The whole listing below is to be copied exactly, with every picture left out.

[SUPPLIED MATERIAL]
- - - -
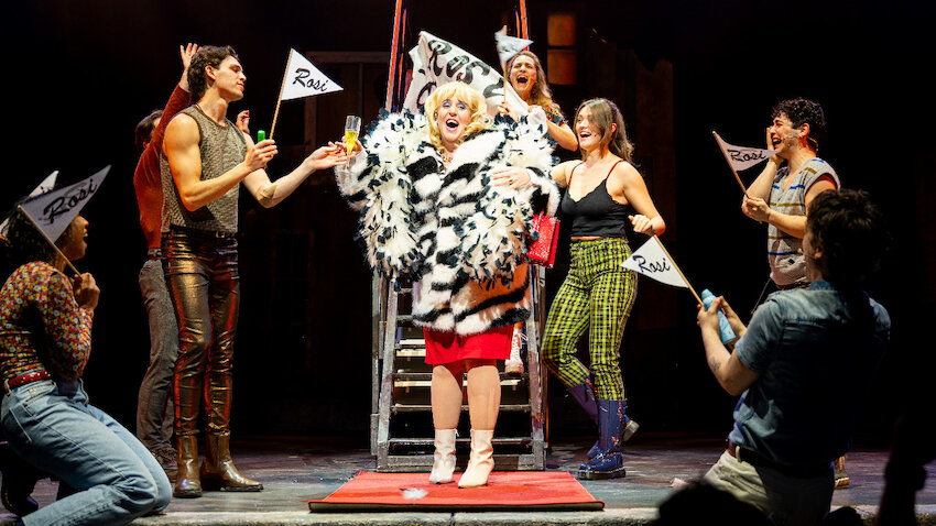 Es gibt niederschmetternde Momente, doch die Lebenslust setzt sich durch. Dank der bis in kleine Rollen rasanten Besetzung, den tollen Choreografien (Jonathan Huor), in der mittels Drehbühne sogar das Konsum-Gebäude mittanzt. Auch durch den satirischen Witz: Kathi Damerow gibt wunderbar trullig die alternative Weltverbesserin in der Kommune. Den komischen Vogel schießt jedoch erneut Steffi Irmen ab. Der Publikumsliebling (mehr dazu in der Bühnenkritik Nr. 525 vom 9. Juni 2025) begeistert diesmal mit blonder Fönfrisur als Ninas und Marios Mutter Rosi Fröhlich, die ihren Friseursalon („Kati Witt, das war der schärfste Schnitt“) schließen musste.
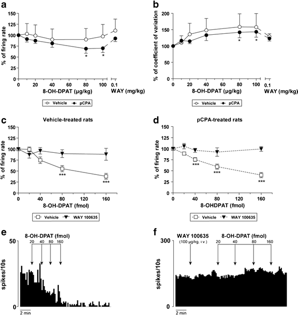 Effect of 8-OH-DPAT on STN neuron activity. 8-OH-DPAT (10–100 μg/kg, i.v.) induced an inhibition in the firing rate (a) and an increase in the coefficient of variation (b) in pCPA-treated (300 mg/kg/day, i.p. 3 days) rats (black circles; n = 8 neurons from eight rats). This effect was reverted by administration of the 5-HT1A antagonist, WAY 100635 (0.1 mg/kg, i.v.). In vehicle-control rats (white circles; n = 8 neurons from eight rats), firing rate, and coefficient of variation remained unaltered (a and b). c When 8-OH-DPAT (20–160 fmol) was locally applied into the STN (white square; n = 12 neurons from seven vehicle-control rats) an inhibitory effect was induced. The systemic administration of WAY 100635 (0.1 mg/kg, i.v.) prior to the local application of 8-OH-DPAT blocked the inhibitory effect of the 5-HT1A receptor agonist (black triangle; n = 11 neurons from 11 vehicle-control rats). d 8-OH-DPAT (20–160 fmol) locally applied into the STN of pCPA-treated animals (white square; n = 26 neurons from five pCPA-treated rats) caused an inhibitory effect. The systemic administration of WAY 100635 (0.1 mg/kg, i.v.) prior to the local application of 8-OH-DPAT blocked the inhibitory effect of the 5-HT1A receptor agonist (black triangle; n = 5 neurons from five pCPA-treated rats). e Representative firing rate histogram illustrating the inhibitory effect of local administration of 8-OH-DPAT on STN neuronal activity. f Representative firing rate histogram illustrating WAY 100635 induced blockage of the inhibitory effect of local administration of 8-OH-DPAT on STN neuron activity. *p < 0.05 and ***p < 0.001 vs. basal firing rate (Bonferroni’s post hoc test)
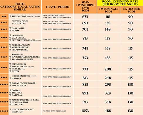 • Return Flight via Singapore Airlines (rate based on promotion airfare. subject to availability) •2 Nights’ Accommodation at your choice of hotel in Hong Kong •1 Night’s Accommodation at Felicity Hotel or similar in Shenzhen •1 Night’s Accommodation at Taipa Square or similar in Macau •Hong Kong, Shenzhen & Macau Half day city tour (Seat-In-Coach) •2 – way transfer Airport – Hotel – Airport (Seat-In-Coach) MACAU HOTEL UPGRADE: Venetian Hotel Royale Suite (Per Room Per Night) Sun - Thurs: S$230 I Fri: S$430 I Sat & Public Holiday: S$630 Surcharge: • [HONG KONG] Fri/Sat Weekend Surcharge: 5540 per room per night (Except Peak Day) • PEAK DAY SURCHARGE PERIOD: Jan 9 - 12/ Jan 28 - Feb 2 / Apr 6 - 9.13 - 16, 20 - 23/ Apr 27 • May 2 'NO FRI/SAT SURCHARGE ON PEAK DAYS PERIOD" • [MACAU] Fri Surcharge: S$95 per room per night I Sat Surcharge: S$115 per room per night • PEAK DAY SURCHARGE PERIOD: Jan 27 - Feb 2 / Apr 1 - 3.14 - 17 / Apr 29 - May 2 / May 27 - 30/ Jun 30 - Jul 2 - please contact us to check availablity for the above date • Child With Bed (3 - 11 years old) will be charged as adult's fare less S$20/pax • Child Without Bed (3 - 11 years old): $300/pax Terms & Conditions: • Travel Period: 3rd Jan - 6th July 2017 • All Rates quoted and sequence of tour and meals are subjected to change without prior notice • Black - out dates apply, Other terms and conditions apply • This package includes one suitcase (12"x18"x30") per pax & one free R/T transport (Airport<->Hotel) For luggage exceeding this limit, the additional one will be charged SGD 4.00. *Please take note, Triple Room means a roll away bed added into Twin Room, not a built in Triple Room* Airport Transfer Service: • Sit-in Coach Schedule from Airport to Hotels: First coach 07:15 to last coach 23:00 • Sit-in Coach Schedule from Hotels to Airport: First coach 06:30 to last coach 21:30 i. Pax who cannot catch the last sit-in coach (leaving airport al 23:00 sharp, have to arrange their own transport arrangement. ii) Special pick-up arrangement con be mode for group of 10 pax or up at a charge of SGD 20.00 per pax. Exclude • Airport taxes (opprox.S$85 subject to change with or without prior notice), visa, any personal expenses • Tour fare do not include any tippings for the guide & driver. Compulsory tipping of HKD 60 per pax for participation of Hong Kong half day tour / HKD30 for participation of Macau half day tour HKD50 for participation of Shenzhen half day tour • Meals not stated in the itinerary |
- - - -
[YOUR SOLUTION]
 Es gibt niederschmetternde Momente, doch die Lebenslust setzt sich durch. Dank der bis in kleine Rollen rasanten Besetzung, den tollen Choreografien (Jonathan Huor), in der mittels Drehbühne sogar das Konsum-Gebäude mittanzt. Auch durch den satirischen Witz: Kathi Damerow gibt wunderbar trullig die alternative Weltverbesserin in der Kommune. Den komischen Vogel schießt jedoch erneut Steffi Irmen ab. Der Publikumsliebling (mehr dazu in der Bühnenkritik Nr. 525 vom 9. Juni 2025) begeistert diesmal mit blonder Fönfrisur als Ninas und Marios Mutter Rosi Fröhlich, die ihren Friseursalon („Kati Witt, das war der schärfste Schnitt“) schließen musste.
 Effect of 8-OH-DPAT on STN neuron activity. 8-OH-DPAT (10–100 μg/kg, i.v.) induced an inhibition in the firing rate (a) and an increase in the coefficient of variation (b) in pCPA-treated (300 mg/kg/day, i.p. 3 days) rats (black circles; n = 8 neurons from eight rats). This effect was reverted by administration of the 5-HT1A antagonist, WAY 100635 (0.1 mg/kg, i.v.). In vehicle-control rats (white circles; n = 8 neurons from eight rats), firing rate, and coefficient of variation remained unaltered (a and b). c When 8-OH-DPAT (20–160 fmol) was locally applied into the STN (white square; n = 12 neurons from seven vehicle-control rats) an inhibitory effect was induced. The systemic administration of WAY 100635 (0.1 mg/kg, i.v.) prior to the local application of 8-OH-DPAT blocked the inhibitory effect of the 5-HT1A receptor agonist (black triangle; n = 11 neurons from 11 vehicle-control rats). d 8-OH-DPAT (20–160 fmol) locally applied into the STN of pCPA-treated animals (white square; n = 26 neurons from five pCPA-treated rats) caused an inhibitory effect. The systemic administration of WAY 100635 (0.1 mg/kg, i.v.) prior to the local application of 8-OH-DPAT blocked the inhibitory effect of the 5-HT1A receptor agonist (black triangle; n = 5 neurons from five pCPA-treated rats). e Representative firing rate histogram illustrating the inhibitory effect of local administration of 8-OH-DPAT on STN neuronal activity. f Representative firing rate histogram illustrating WAY 100635 induced blockage of the inhibitory effect of local administration of 8-OH-DPAT on STN neuron activity. *p < 0.05 and ***p < 0.001 vs. basal firing rate (Bonferroni’s post hoc test)
 • Return Flight via Singapore Airlines (rate based on promotion airfare. subject to availability) •2 Nights’ Accommodation at your choice of hotel in Hong Kong •1 Night’s Accommodation at Felicity Hotel or similar in Shenzhen •1 Night’s Accommodation at Taipa Square or similar in Macau •Hong Kong, Shenzhen & Macau Half day city tour (Seat-In-Coach) •2 – way transfer Airport – Hotel – Airport (Seat-In-Coach) MACAU HOTEL UPGRADE: Venetian Hotel Royale Suite (Per Room Per Night) Sun - Thurs: S$230 I Fri: S$430 I Sat & Public Holiday: S$630 Surcharge: • [HONG KONG] Fri/Sat Weekend Surcharge: 5540 per room per night (Except Peak Day) • PEAK DAY SURCHARGE PERIOD: Jan 9 - 12/ Jan 28 - Feb 2 / Apr 6 - 9.13 - 16, 20 - 23/ Apr 27 • May 2 'NO FRI/SAT SURCHARGE ON PEAK DAYS PERIOD" • [MACAU] Fri Surcharge: S$95 per room per night I Sat Surcharge: S$115 per room per night • PEAK DAY SURCHARGE PERIOD: Jan 27 - Feb 2 / Apr 1 - 3.14 - 17 / Apr 29 - May 2 / May 27 - 30/ Jun 30 - Jul 2 - please contact us to check availablity for the above date • Child With Bed (3 - 11 years old) will be charged as adult's fare less S$20/pax • Child Without Bed (3 - 11 years old): $300/pax Terms & Conditions: • Travel Period: 3rd Jan - 6th July 2017 • All Rates quoted and sequence of tour and meals are subjected to change without prior notice • Black - out dates apply, Other terms and conditions apply • This package includes one suitcase (12"x18"x30") per pax & one free R/T transport (Airport<->Hotel) For luggage exceeding this limit, the additional one will be charged SGD 4.00. *Please take note, Triple Room means a roll away bed added into Twin Room, not a built in Triple Room* Airport Transfer Service: • Sit-in Coach Schedule from Airport to Hotels: First coach 07:15 to last coach 23:00 • Sit-in Coach Schedule from Hotels to Airport: First coach 06:30 to last coach 21:30 i. Pax who cannot catch the last sit-in coach (leaving airport al 23:00 sharp, have to arrange their own transport arrangement. ii) Special pick-up arrangement con be mode for group of 10 pax or up at a charge of SGD 20.00 per pax. Exclude • Airport taxes (opprox.S$85 subject to change with or without prior notice), visa, any personal expenses • Tour fare do not include any tippings for the guide & driver. Compulsory tipping of HKD 60 per pax for participation of Hong Kong half day tour / HKD30 for participation of Macau half day tour HKD50 for participation of Shenzhen half day tour • Meals not stated in the itinerary |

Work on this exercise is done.